Re: Forcing non-www and https redirects correctly

Post by EA117 » Thu Sep 05, 2019 1:34 am

urzh wrote:
Thu Sep 05, 2019 12:57 am
My current htaccess:

Code: Select all

## Mod_rewrite in use.
RewriteEngine on
RewriteCond %{HTTP_HOST} ^www.kingcrabchicago.com [NC]
RewriteRule ^(.*)$ http://kingcrabchicago.com/ [L,R=301]
You can change that existing rule to address both situations, such as shown here:

Code: Select all

## Mod_rewrite in use.
RewriteCond %{HTTPS} =on [OR]
RewriteCond %{HTTP_HOST} ^www.kingcrabchicago.com [NC]
RewriteRule ^(.*)$ http://kingcrabchicago.com/ [L,R=301]
Meaning if someone is already using the correct domain but is on an HTTPS connection, or if someone is using an HTTP connection but has included the www subdomain, either case is going to cause a redirect to http://kingcrabchicago.com/. Which ensures neither condition remains true in the redirected URL.
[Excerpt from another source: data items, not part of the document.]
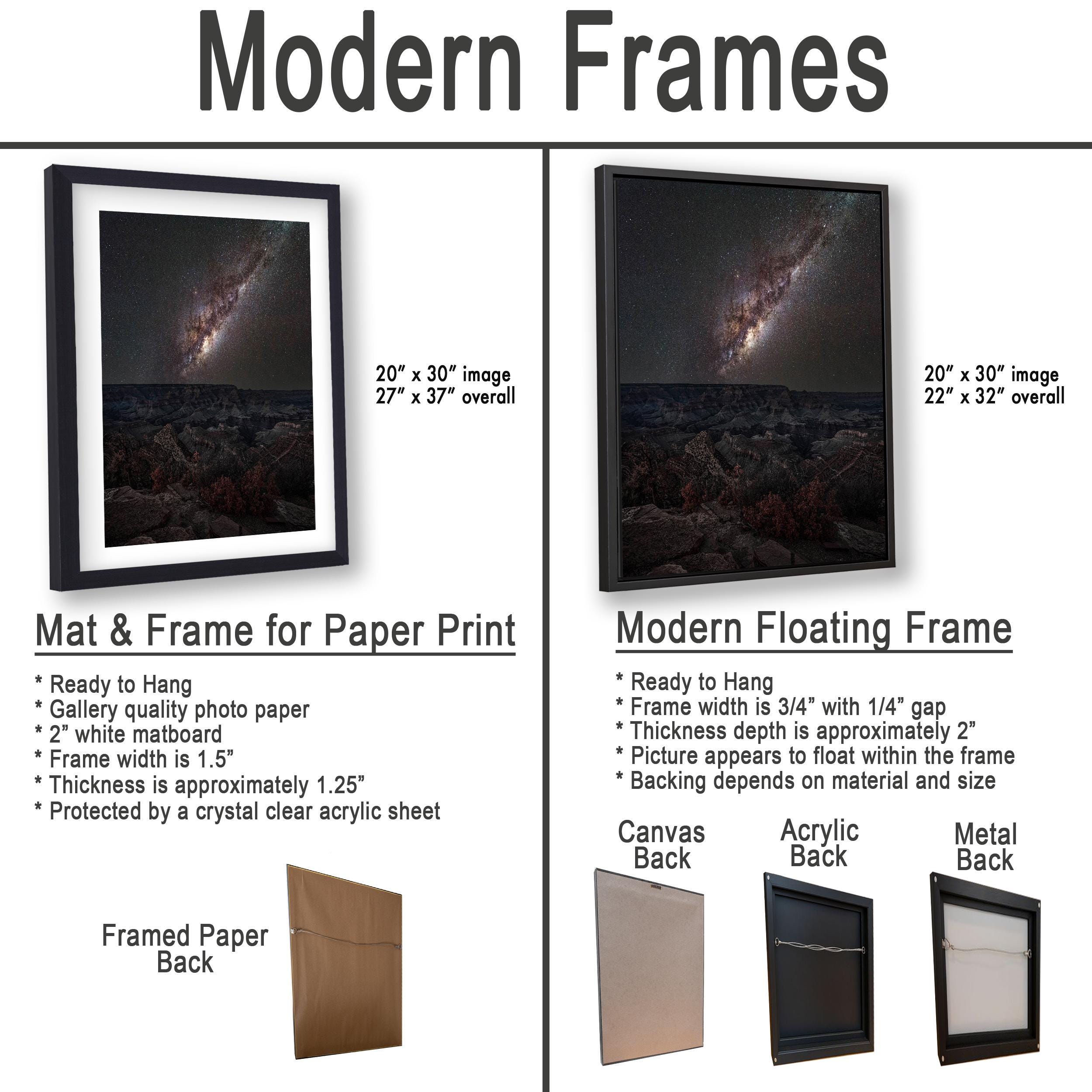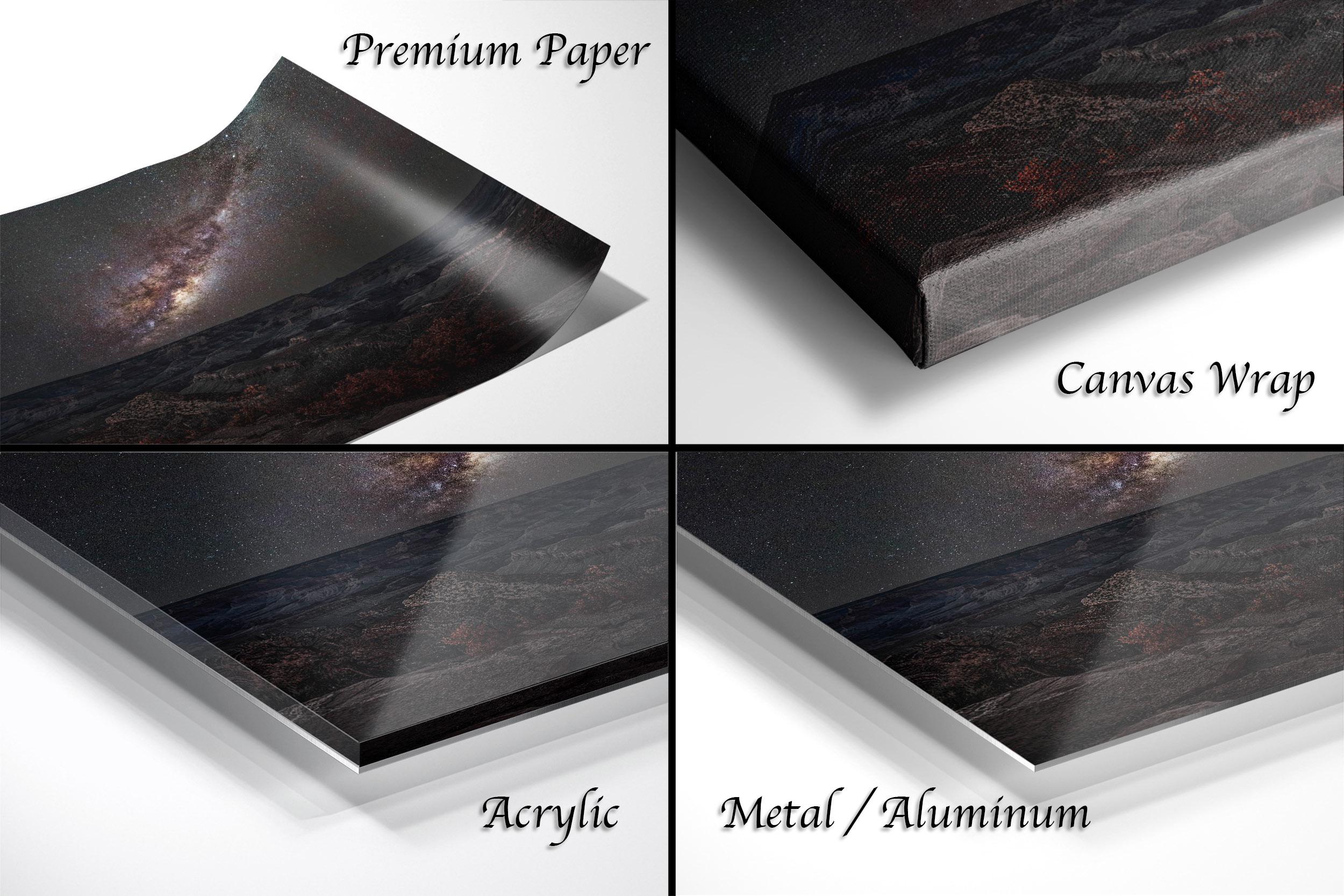 - Available as framed paper prints, acrylics, aluminum/metal prints with a 2" white mat border - Canvas prints are flush mounted without a mat border - Ideal as a starry night print or landscape photo gift for nature enthusiasts
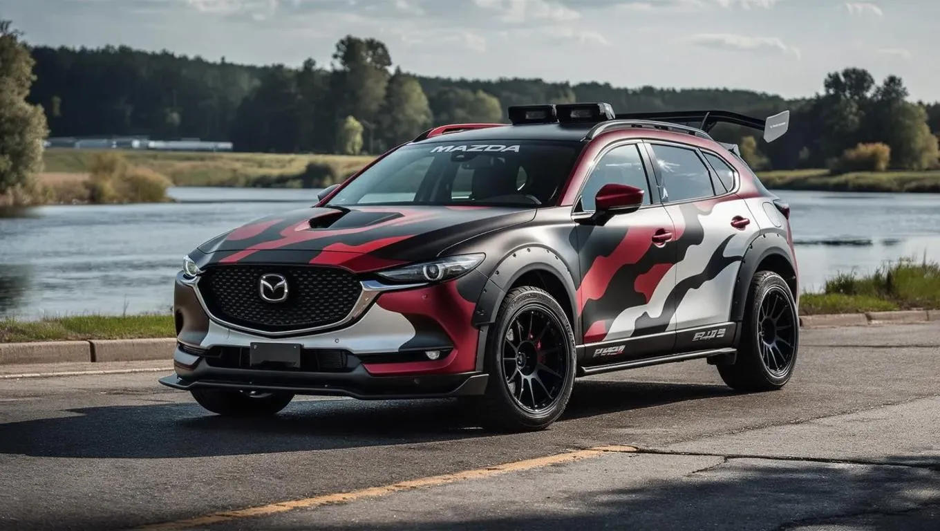 Transform your vision into AI-generated art with a high-performance Mazda street machine. Featuring red-black matte camouflage, glossy white accents, and bold contrasts, this off-road-inspired vehicle shines under sunlight near riverside settings. Dynamic wide-angle motion captures its aggressive stance, blending classic red-black-white tones with modern custom enhancements for striking visual impact. Create professional-grade automotive visuals effortlessly using AI-powered tools.
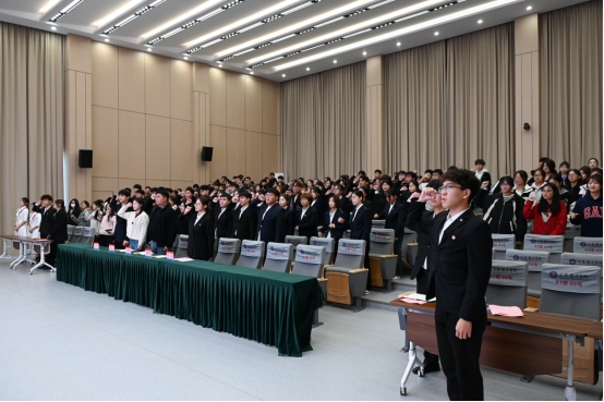 学生会主席张明烨带领学生会全体成员庄严宣誓,他们高举右手,誓言铿锵,展现出了为同学服务、为学校贡献的坚定决心。
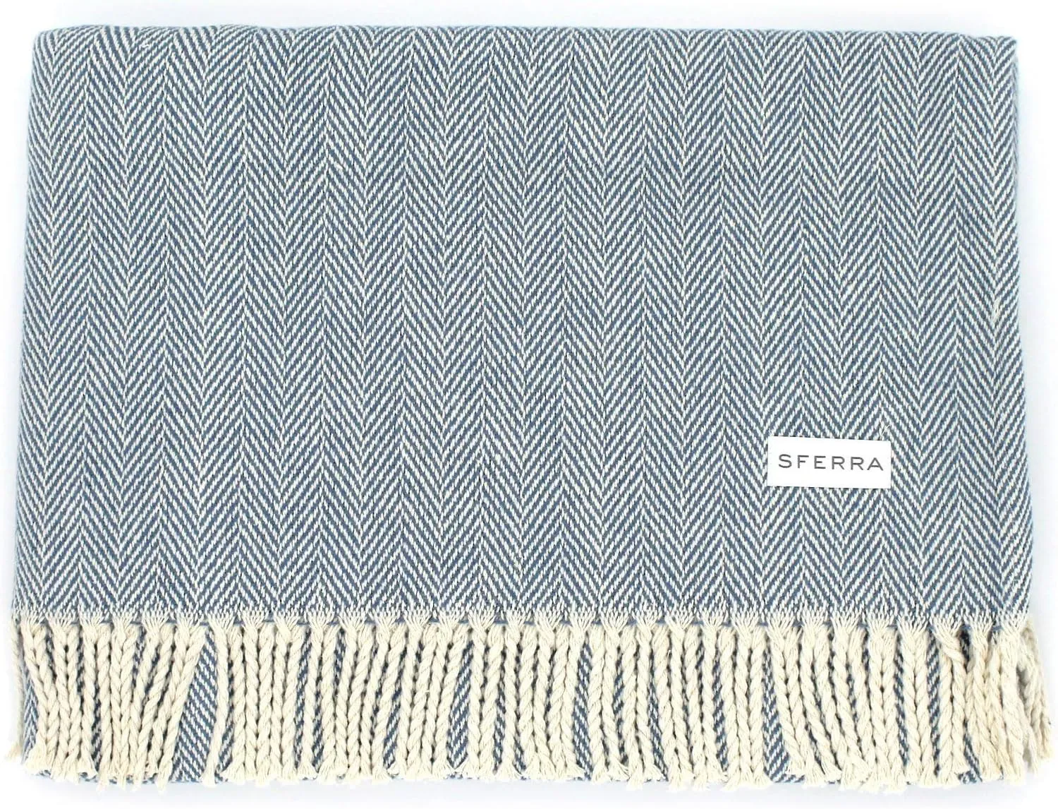 Сделано в Португалии из 100% хлопка Красивый классический узор елочка с натуральным краем Размер пледа: 51" x 71" Отличный подарок для любимых - на день рождения, выпускной, возврат в школу, колледж, Рождество, День матери, День святого Валентина, корпоративные подарки
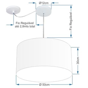 Lustre Pendente Cilíndrico Com Desvio Md-4231 Cúpula Tecido 50x30cm Algodão Crú
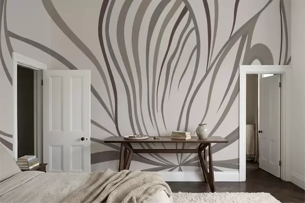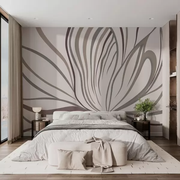 Zidne murale Apstraktni cvijet s linijama u sivim i ružičastim tonovima br. w05392
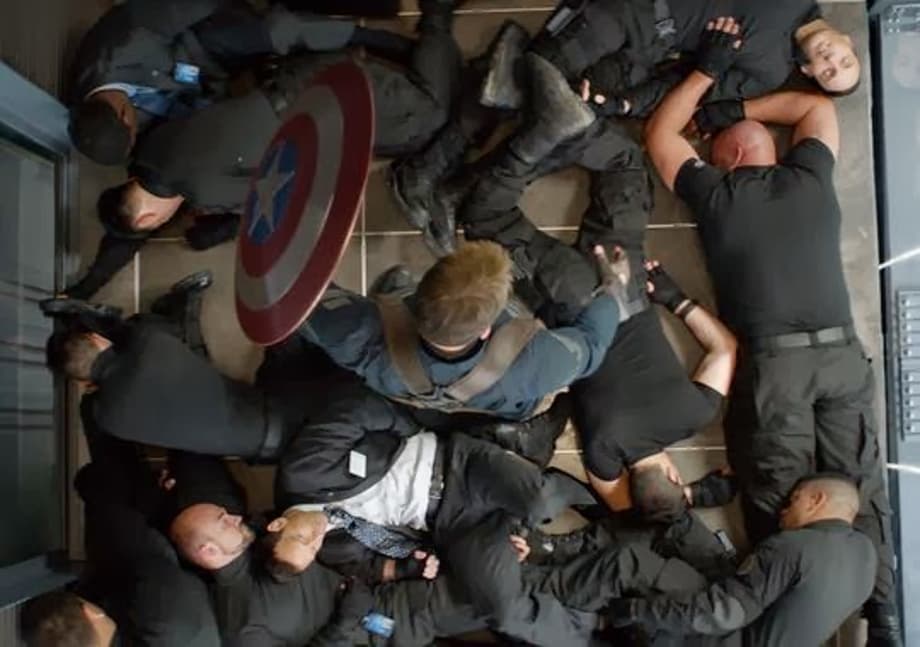 We see Fury in critical condition in a S.H.I.E.L.D. operating room with Rogers, Romanoff, and Maria Hill (Fury’s right hand agent) watching helplessly as Fury flatlines and seemingly dies of his wounds. Rogers is confronted by Pierce at the S.H.I.E.L.D. organization and questions why Fury was in his apartment at the time of the shooting. Rogers runs into his neighbor Kate at the organization who is revealed to be an agent of S.H.I.E.L.D., Agent 13.
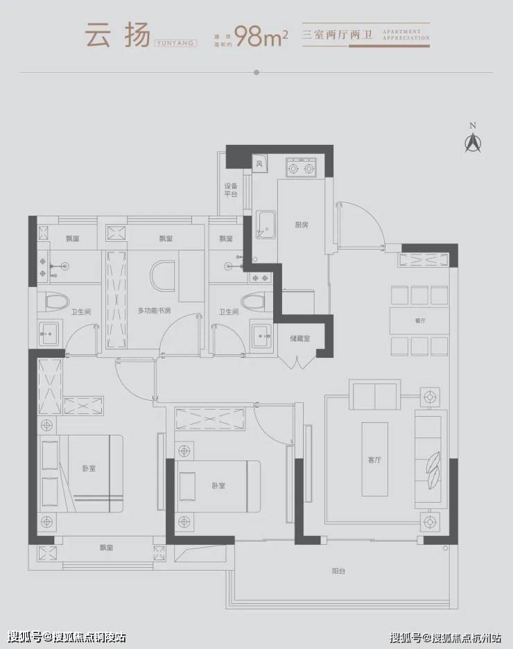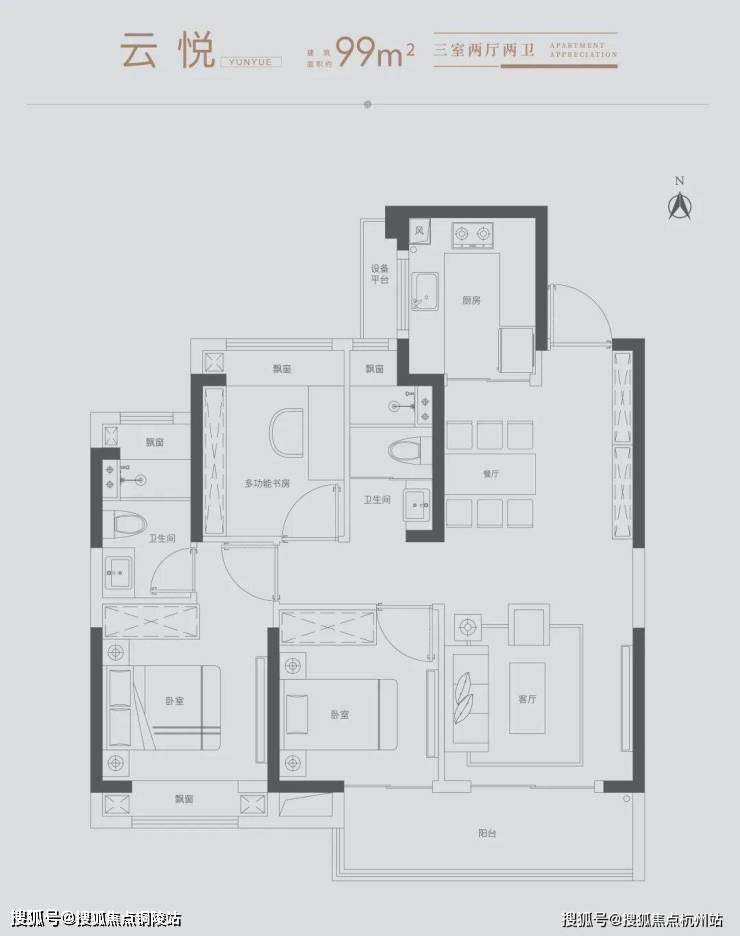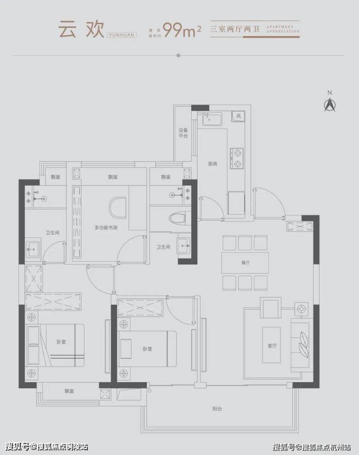 雅致三房:满足三口之家所需,北向房间可改造书房,理想生活一步到位
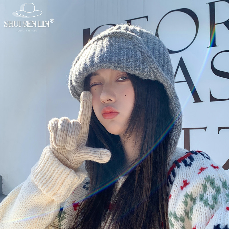 2025秋冬抽绳针织堆堆帽女百搭日系大头围显瘦包头冷帽网红毛线帽
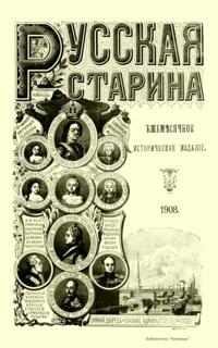 «Русская старина», ежемесячный исторический журнал, выходил в Петербурге в 1870-1918. Основан, издавался и редактировался (1870-1892) М. И. Семевским при участии В. И. Семевского. Последующими редакторами были Н. К. Шильдер (1892-1896), Н. Ф. Дубровин (1896-1904), военные историки С. П. Зыков, П. Н. Воронов.
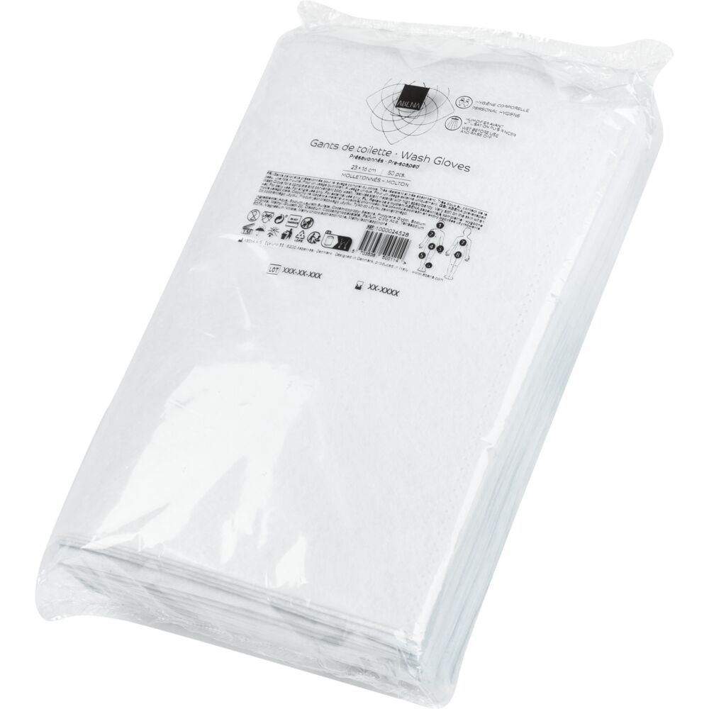 Les gants de toilette à usage unique sont à 100% polyester ce qui en fait une matière douce et agréable au contact de la peau.

Same as 3Di is probing, "that seems unusual", since the web server is clearly setup for HTTPS access in order for this rule to be of any use. But this is the .htaccess rule that should do what you're asking for, so long as non-HTTPS access to the site is indeed still allowed by your web server configuration.

urzh
Registered User
Posts: 126
Joined: Mon Aug 05, 2019 1:51 pm
Name: Robert

Re: Forcing non-www and https redirects correctly

Post by urzh » Thu Sep 05, 2019 12:19 pm

@3DI, because the site was originally https but for now I've removed it.

@Ea117

I add the below buy when you go to "https://kingcrabchicago.com/" it still does not redirect?

Code: Select all

RewriteCond %{HTTPS} =on [OR]
RewriteCond %{HTTP_HOST} ^www.kingcrabchicago.com [NC]
RewriteRule ^(.*)$ http://kingcrabchicago.com/ [L,R=301]

User avatar
EA117
Registered User
Posts: 1049
Joined: Wed Aug 15, 2018 3:23 am
Contact:

Re: Forcing non-www and https redirects correctly

Post by EA117 » Thu Sep 05, 2019 1:54 pm

urzh wrote:
Thu Sep 05, 2019 12:19 pm
I add the below buy when you go to "https://kingcrabchicago.com/" it still does not redirect?
And you do mean you added just the RewriteCond %{HTTPS} =on [OR] line to the existing rule, correct? And not that this entire block you quoted was added after the existing rule? You previously indicated that this is the only rule that exists in the .htaccess file. Is that still true, or is there a complete .htaccess file that we should be looking at in this case?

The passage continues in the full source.